100 People will go missing in Australia today, and tomorrow there’ll be 100 more.
100 Australians disappear every day, and there are at least 100 reasons for it. For every hundred, 85 will be located within a week. But roughly 15 people will disappear today who will remain missing for some time… some of them forever.
There was a day in the early 1970s when my husband’s uncle Billy became one of the missing. He’d kept his distance for several years, checking in with a phone call every Christmas day, until one Christmas came and went without a word from Billy. He’s never been seen or heard of again.
I must admit that I failed to really connect emotionally with Billy’s story, in that way you do when something happened a long time ago, and you’re imagining it rather than remembering and feeling it. It was a classic “olden days” yarn in my mind, about how tough and chaotic life used to be.
It still lives in brilliant technicolor for my mother-in-law, Billy’s sister who wonders to this day how he could hide from her for so long, but it’s not discussed very often anymore. It’s definitely dropped of the list of hot topics at family functions. It just is what it is, and people have long since tired of theorising and suggesting places to search.
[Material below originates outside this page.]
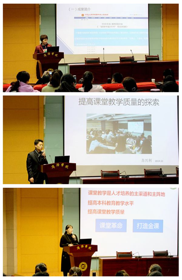 報告會上,和新盈作了題為《基于OBE教育理念,面向基層卓越醫生培養的形態實驗教學新體系構建與實踐》的報告,從宏觀角度向大家展示了如何選題、組織、申報教學成果獎;蘇興利作了題為《提高課堂教學質量的探索》的報告,他結合自己的切身體會,與大家分享了如何做一名好老師,如何上好一堂課;鄭慧媛以《對分課堂在胚胎學教學中的應用與探索》為題,向大家講解了陜西省第一屆課堂教學改革創新大賽的比賽形式、參賽準備,并為大家進行了現場示范教學。三位專家的報告精彩紛呈、形式多樣,與會教師紛紛表示,本次報告會啟發了思路,開拓了視野,今后將努力汲取專家報告的精華為我所用,不斷提高課堂教學水平。
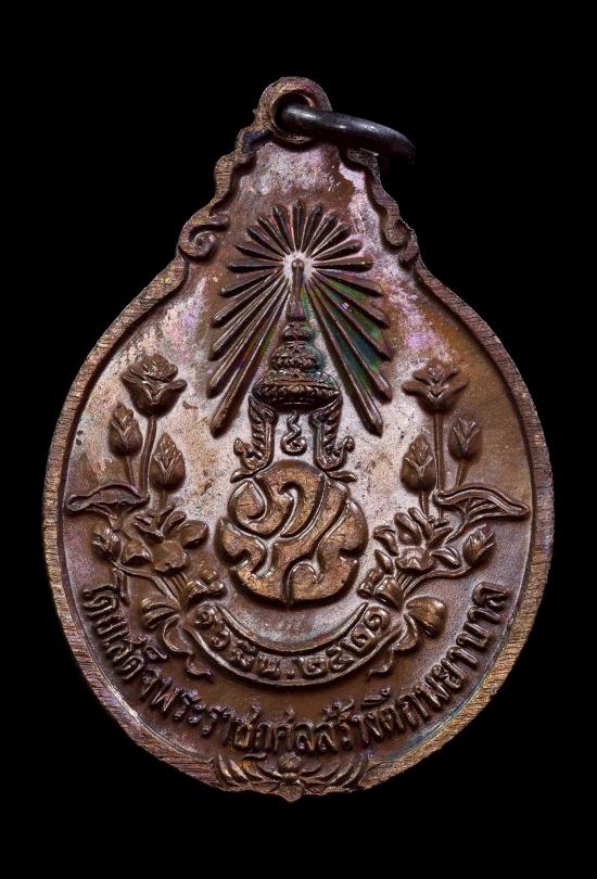 เหรียญรุ่นสร้างโรงพยาบาล หลวงปู่แหวน วัดดอยแม่ปั๋ง พิมพ์หลังภปร. ปี2521 พระสวยผิวเดิมๆพร้อมกล่อง

A similar story… Dan was just 24 years old when he disappeared.
I was sitting in my car one morning a couple of years ago, waiting for the lights to change when I saw the striking face of a young man smiling at me from a very home-made poster stuck to a light poll. The headline said “Dan Come Home” and in the moment I assumed it was a guerilla marketing campaign for a band or a play because the guy looked far too handsome and happy to really be missing.